:: The input ::
BEGIN

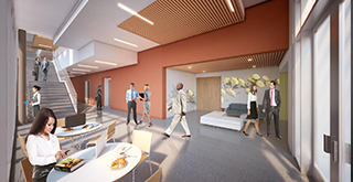 The labs in the new facility are located along a public corridor for easy access and visibility of the activity within by both students and visitors. Back-of-house corridors connect the labs to food and dry goods storage, classrooms, and other support areas. The public spaces of the building are designed to feel like a hotel – spacious, easy to navigate, and with multiple small seating areas to promote social interaction. Additionally, the hospitality program features include a classroom with mock hotel office and breakout rooms with retractable walls that can function similar to hotel conference rooms or as a hotel ballroom. An attached warming kitchen allows both Hospitality and Culinary students to host and practice large catering events. The building also includes a 100-seat tiered lecture hall that can double as a food demonstration kitchen, faculty offices and a loading dock for efficient delivery of goods in and out of the building.
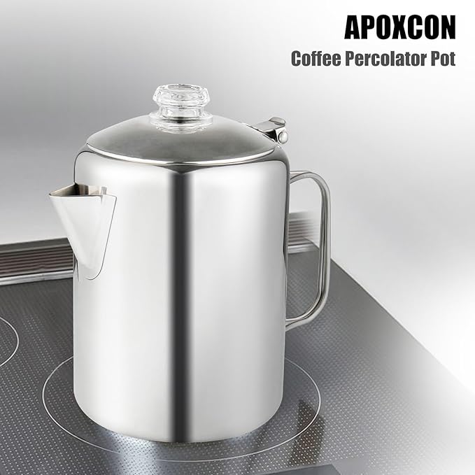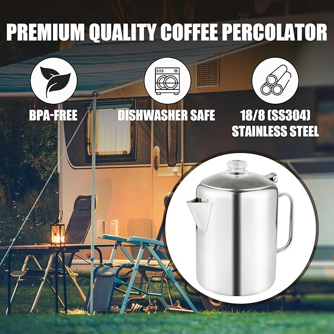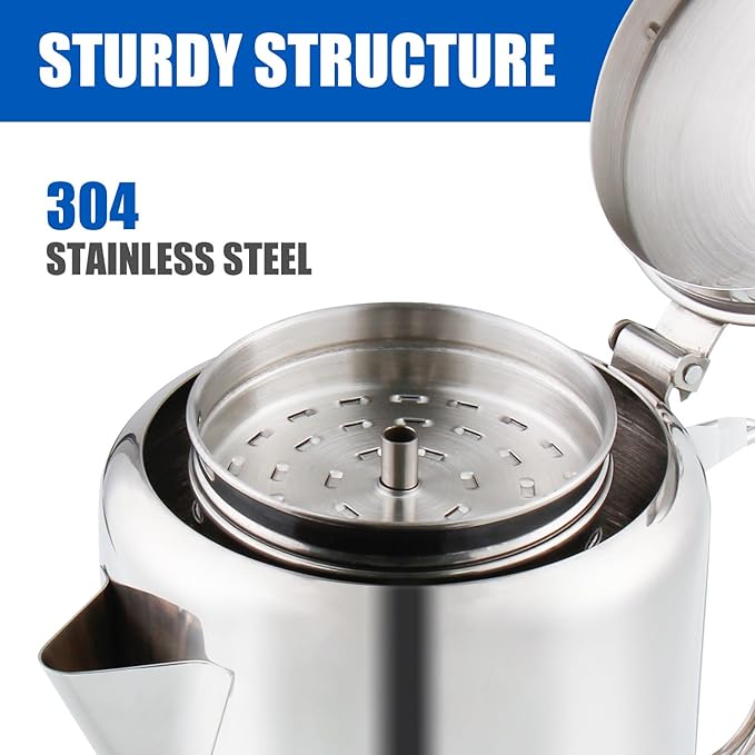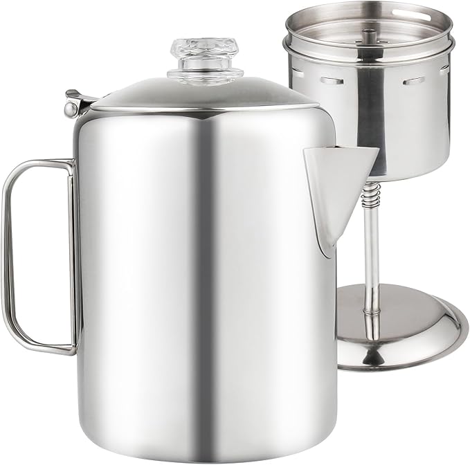 - 【FOOD GRADE MATERIAL】The percolator body, cover and filter basket are made of quality 18/8 (SS304) stainless steel, which allows it to withstand drops and impacts during use. No aluminum and plastic, toxin free and corrosion-resistant.
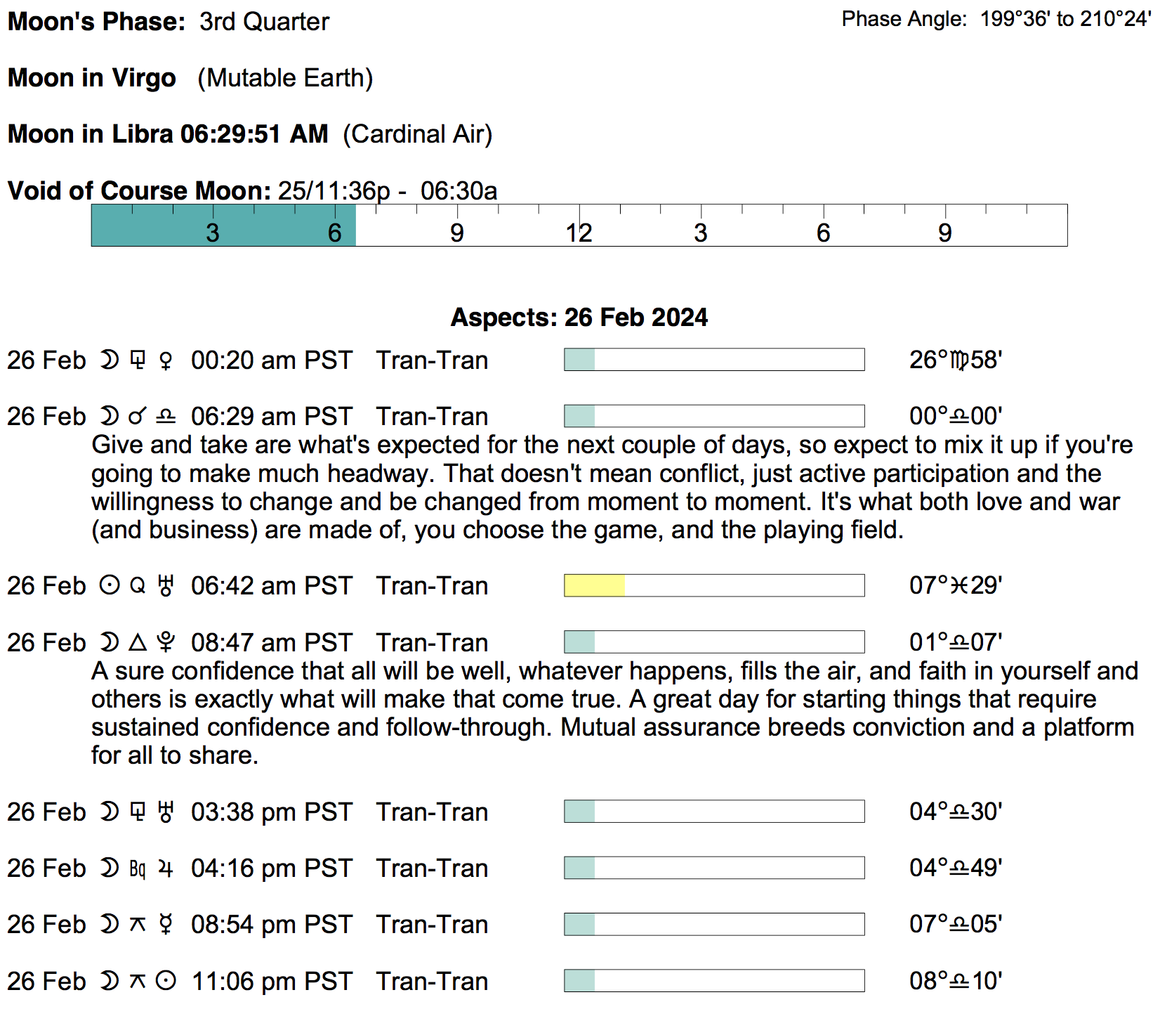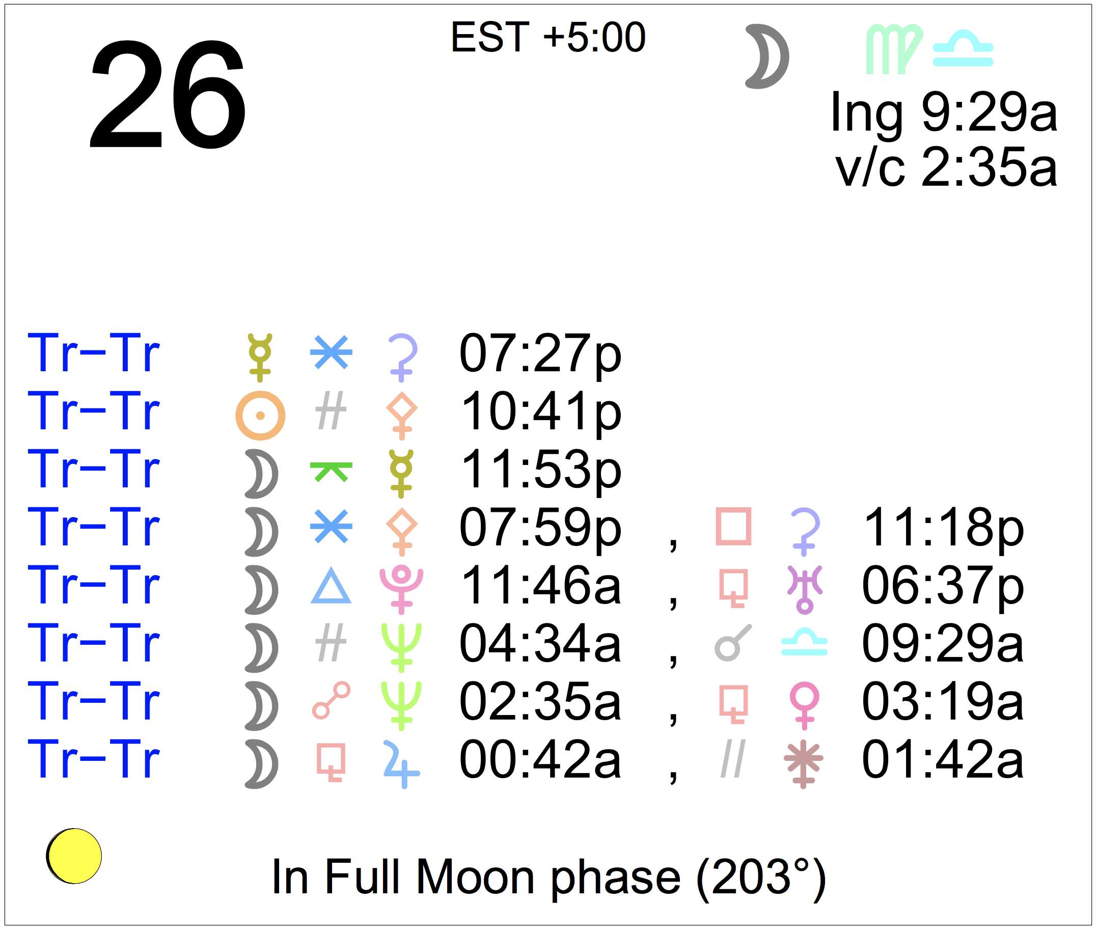 Planet Color Key: The longer the bar, the slower the aspecting planet, and the longer the duration of the planet’s transit.
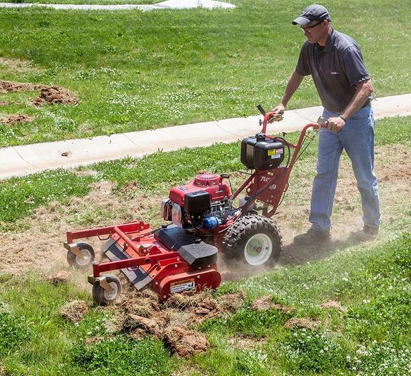 The TURF TEQ Power Rake is a valuable time-saving tool for all types of seedbed preparation, lawn renovation and raking jobs. With its compact design, the Power Rake can also go where tractor and skid steer mounted versions of this product can’t go, and can do its job without damaging healthy turf. You’ll get more work done faster and drastically increase the profitability of your business.
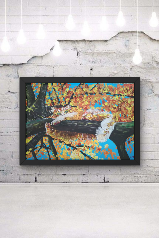 🍂 Картина «Осінь» — авторський живопис, 30×42 см (А3) «Осінь» — оригінальна картина, виконана гуашшю на акварельному папері формату А3. На роботі зображено рудого кота, який лежить на гілці дерева (ракурс знизу). Золоте осіннє листя майже зливається з шерстю тварини, і лише яскраві зелені очі чітко вирізняються на фоні теплої палітри. Картина створює атмосферу затишку, тиші та легкої загадковості. Без рамки — можна оформити під стиль вашого інтер’єру. ✨ Характеристики: Назва: «Осінь» Вид: живопис Тип: оригінал, ручна робота Техніка: гуаш Основа: акварельний папір Розмір: 30 × 42 см (А3) Орієнтація: горизонтальна Оформлення: без рами Стан: відмінний 🏡 Ідеально для: вітальні або спальні осіннього декору подарунка любителям котів колекції атмосферних авторських робіт

END

:: Task instructions ::
Return the listing above word for word, with the pictures removed.

:: Solution ::
 The labs in the new facility are located along a public corridor for easy access and visibility of the activity within by both students and visitors. Back-of-house corridors connect the labs to food and dry goods storage, classrooms, and other support areas. The public spaces of the building are designed to feel like a hotel – spacious, easy to navigate, and with multiple small seating areas to promote social interaction. Additionally, the hospitality program features include a classroom with mock hotel office and breakout rooms with retractable walls that can function similar to hotel conference rooms or as a hotel ballroom. An attached warming kitchen allows both Hospitality and Culinary students to host and practice large catering events. The building also includes a 100-seat tiered lecture hall that can double as a food demonstration kitchen, faculty offices and a loading dock for efficient delivery of goods in and out of the building.
 - 【FOOD GRADE MATERIAL】The percolator body, cover and filter basket are made of quality 18/8 (SS304) stainless steel, which allows it to withstand drops and impacts during use. No aluminum and plastic, toxin free and corrosion-resistant.
 Planet Color Key: The longer the bar, the slower the aspecting planet, and the longer the duration of the planet’s transit.
 The TURF TEQ Power Rake is a valuable time-saving tool for all types of seedbed preparation, lawn renovation and raking jobs. With its compact design, the Power Rake can also go where tractor and skid steer mounted versions of this product can’t go, and can do its job without damaging healthy turf. You’ll get more work done faster and drastically increase the profitability of your business.
 🍂 Картина «Осінь» — авторський живопис, 30×42 см (А3) «Осінь» — оригінальна картина, виконана гуашшю на акварельному папері формату А3. На роботі зображено рудого кота, який лежить на гілці дерева (ракурс знизу). Золоте осіннє листя майже зливається з шерстю тварини, і лише яскраві зелені очі чітко вирізняються на фоні теплої палітри. Картина створює атмосферу затишку, тиші та легкої загадковості. Без рамки — можна оформити під стиль вашого інтер’єру. ✨ Характеристики: Назва: «Осінь» Вид: живопис Тип: оригінал, ручна робота Техніка: гуаш Основа: акварельний папір Розмір: 30 × 42 см (А3) Орієнтація: горизонтальна Оформлення: без рами Стан: відмінний 🏡 Ідеально для: вітальні або спальні осіннього декору подарунка любителям котів колекції атмосферних авторських робіт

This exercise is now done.